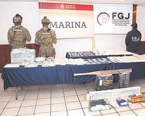 ALTAMIRA, Tamps.- Elementos de la Secretaría de Marina (Semar), en coordinación con personal de la Fiscalía General de Justicia de Tamaulipas, aseguraron droga, armamento y vehículos utilizados para actividades ilícitas en el municipio de Altamira, que representan una afectación de entre 13 y 15 millones de pesos a la delincuencia organizada.
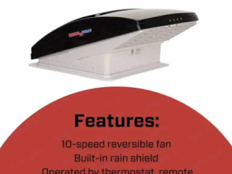 •Bathroom vent upgraded to MaxxFan 7500K with smoke lid, built-in rainproof cover, 10-speed intake/ exhaust fan (ceiling fan). Operated by thermostat, manually, or wireless remote control (while lying in bed!)—Easy Setup:
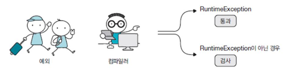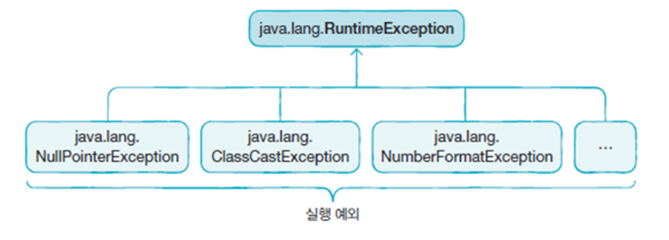 - 실행(runtime) 예외: 컴파일러가 체크하지 않는 예외로, 검사 없이 실행 시 예측 없이 갑자기 발생
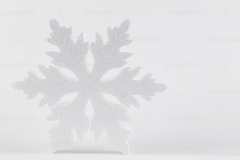 Праздничный светлый рождественский фон. Большая белая снежинка на сером фоне
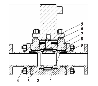 1. Seal rings 2. Thrust bearings 3. Balls 4. Left valve bodies 5. Shielded electric devices 6. Stainless steel graphite wound gaskets 7. Middle valve bodies 8. Right valve bodies 9. Compensation springs
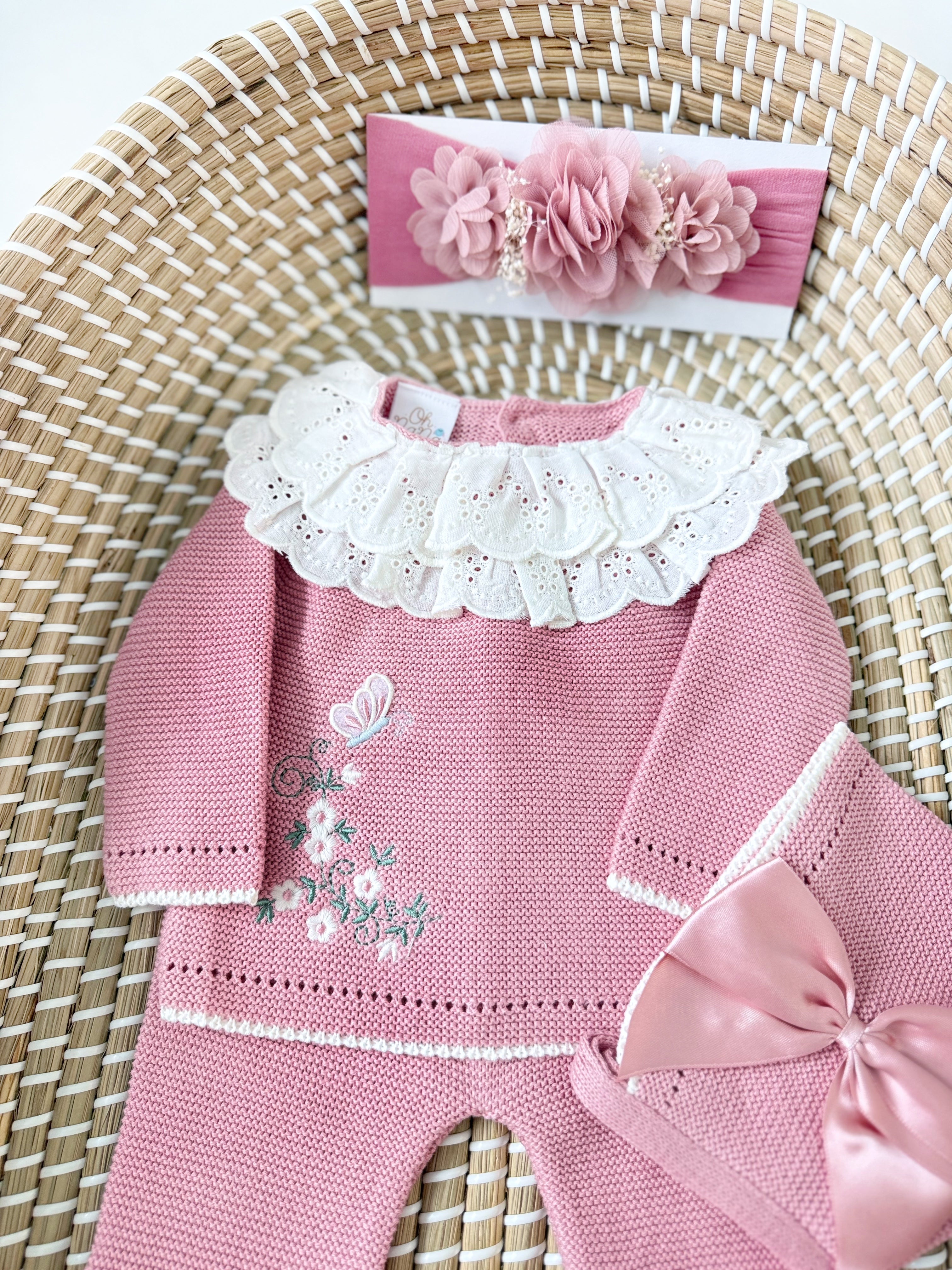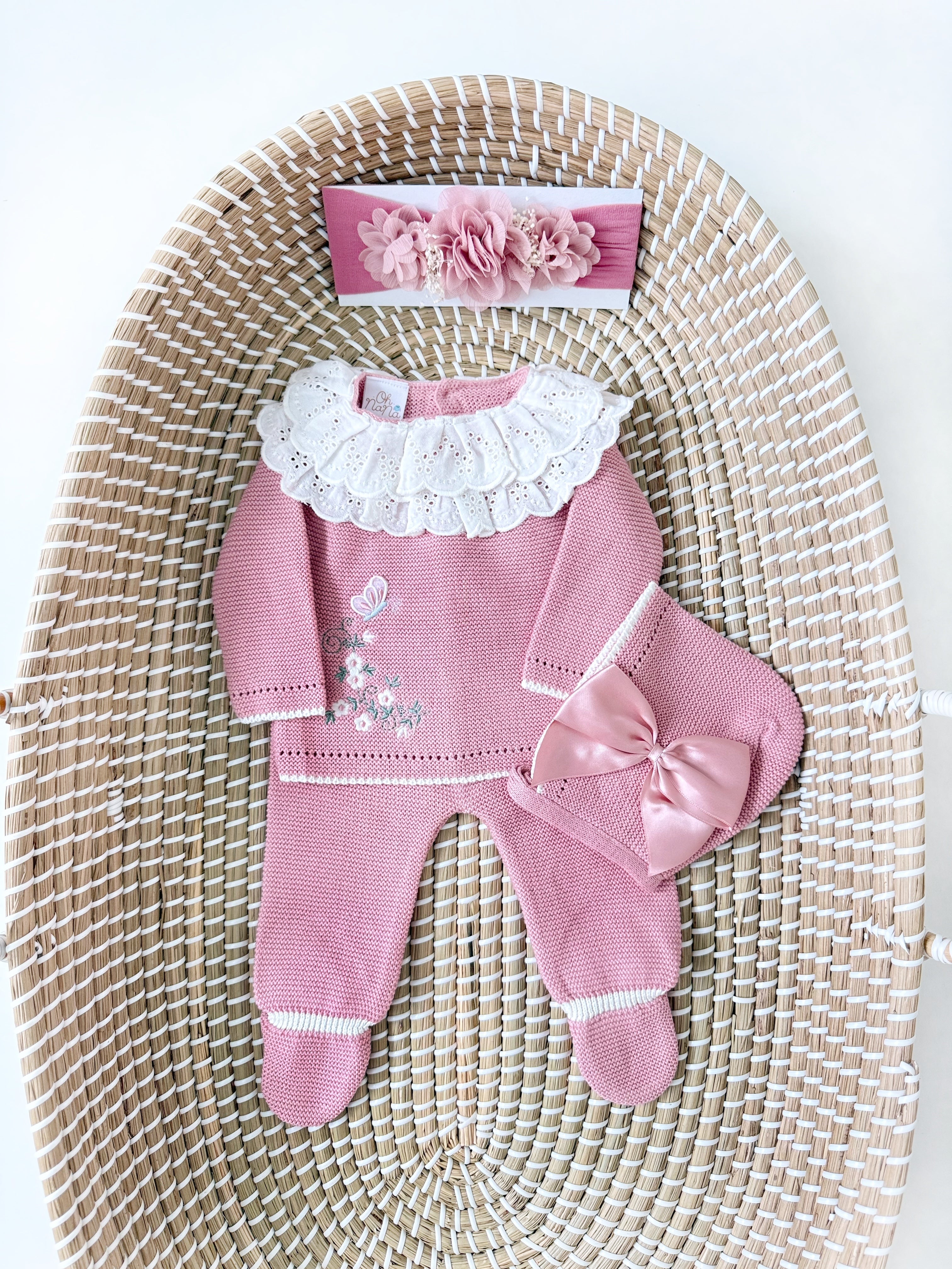 Butterfly Three Piece Knitted Outfit + Headband (Dusty Pink/Ivory)
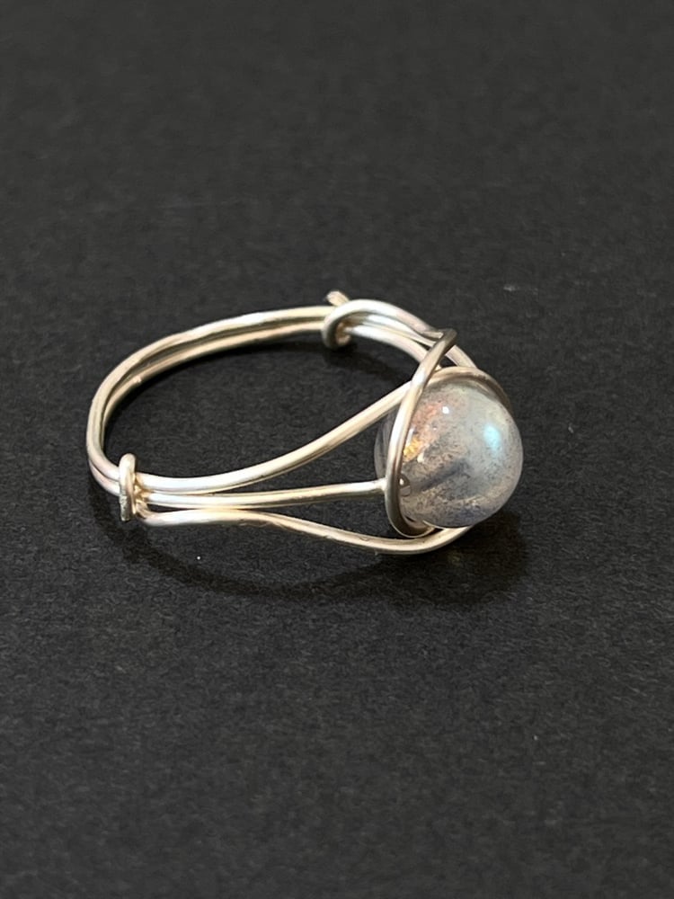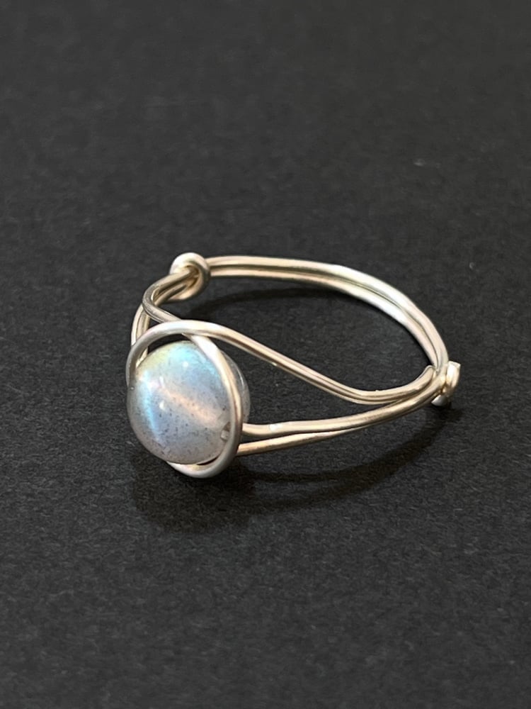 💫 This handmade metal wire-wrapped ring features a delicately woven silver thread encircling a natural Labradorite bead as its core, crafted with a minimalist three-wire interwoven structure to securely hold the stone, symbolizing protection and transformation. The bead can rotate flexibly, allowing light and shadow to dance on your finger, awakening the wearer’s hidden inner strength, like a whispered secret from the earth.
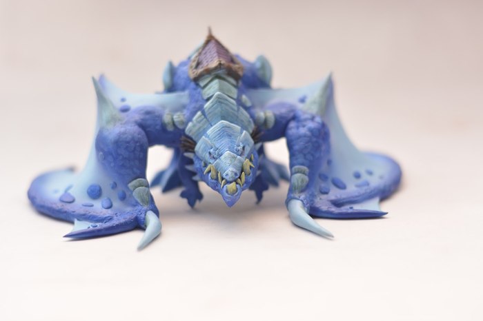 Следующую работу делала по Warcraft. Меня завораживают Облачные змеи. Одного такого красавца я сделала. Решила испробовать суперпрочную глину cernit.Круто! Это оказалась супер глина. Подумала я, когда начала лепить. Очень мягкая. Мучилась с другой твёрдой, она блин, как камень, что аж ладони болели всё время разминать. Но вскоре к плюсу добавился минус. Новая такая мягкая, что стоит взять фигурку, как та сминается. Поэтому приделала на подставку.
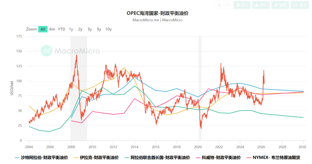 这意味着如果美以伊战事最终导致美国选择推进石油美元范式的转变,美国和俄罗斯以及战争中受损的OPEC各国都有意愿维持更高的原油价格;而且考虑到以沙特各国为代表的海湾国家近年来一直饱受低油价影响,处于财政赤字状态,各国都无意愿主动下调油价。
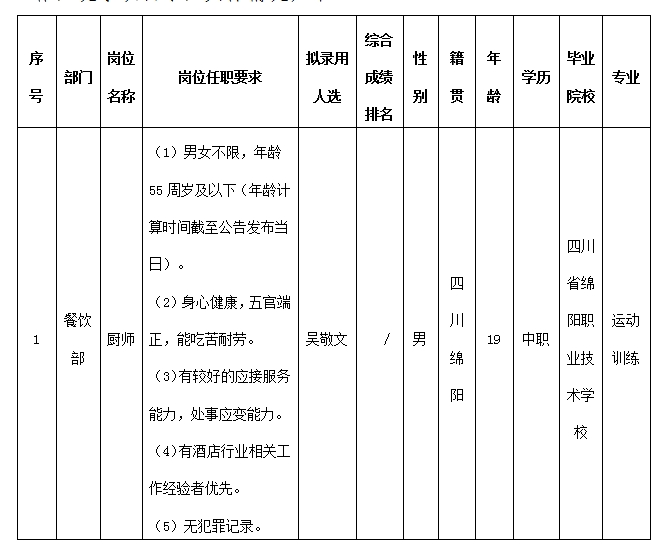 根據(jù)綿陽(yáng)市東津酒店管理有限責(zé)任公司發(fā)布的招聘公告及招聘相關(guān)規(guī)定,通過(guò)面試等程序,擬錄用吳敬文同志到餐飲部工作,現(xiàn)予以公示,具體情況如下:
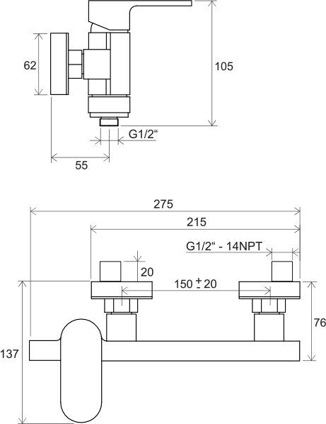 —Смеситель для душа Ravak Chrome CR 032.00/150, 150 мм, однорычажный, хром (X070043)

:::

Print the records above verbatim, pictures excluded.

#### ANSWER SECTION:
 ALTAMIRA, Tamps.- Elementos de la Secretaría de Marina (Semar), en coordinación con personal de la Fiscalía General de Justicia de Tamaulipas, aseguraron droga, armamento y vehículos utilizados para actividades ilícitas en el municipio de Altamira, que representan una afectación de entre 13 y 15 millones de pesos a la delincuencia organizada.
 •Bathroom vent upgraded to MaxxFan 7500K with smoke lid, built-in rainproof cover, 10-speed intake/ exhaust fan (ceiling fan). Operated by thermostat, manually, or wireless remote control (while lying in bed!)—Easy Setup:
 - 실행(runtime) 예외: 컴파일러가 체크하지 않는 예외로, 검사 없이 실행 시 예측 없이 갑자기 발생
 Праздничный светлый рождественский фон. Большая белая снежинка на сером фоне
 1. Seal rings 2. Thrust bearings 3. Balls 4. Left valve bodies 5. Shielded electric devices 6. Stainless steel graphite wound gaskets 7. Middle valve bodies 8. Right valve bodies 9. Compensation springs
 Butterfly Three Piece Knitted Outfit + Headband (Dusty Pink/Ivory)
 💫 This handmade metal wire-wrapped ring features a delicately woven silver thread encircling a natural Labradorite bead as its core, crafted with a minimalist three-wire interwoven structure to securely hold the stone, symbolizing protection and transformation. The bead can rotate flexibly, allowing light and shadow to dance on your finger, awakening the wearer’s hidden inner strength, like a whispered secret from the earth.
 Следующую работу делала по Warcraft. Меня завораживают Облачные змеи. Одного такого красавца я сделала. Решила испробовать суперпрочную глину cernit.Круто! Это оказалась супер глина. Подумала я, когда начала лепить. Очень мягкая. Мучилась с другой твёрдой, она блин, как камень, что аж ладони болели всё время разминать. Но вскоре к плюсу добавился минус. Новая такая мягкая, что стоит взять фигурку, как та сминается. Поэтому приделала на подставку.
 这意味着如果美以伊战事最终导致美国选择推进石油美元范式的转变,美国和俄罗斯以及战争中受损的OPEC各国都有意愿维持更高的原油价格;而且考虑到以沙特各国为代表的海湾国家近年来一直饱受低油价影响,处于财政赤字状态,各国都无意愿主动下调油价。
 根據(jù)綿陽(yáng)市東津酒店管理有限責(zé)任公司發(fā)布的招聘公告及招聘相關(guān)規(guī)定,通過(guò)面試等程序,擬錄用吳敬文同志到餐飲部工作,現(xiàn)予以公示,具體情況如下:
 —Смеситель для душа Ravak Chrome CR 032.00/150, 150 мм, однорычажный, хром (X070043)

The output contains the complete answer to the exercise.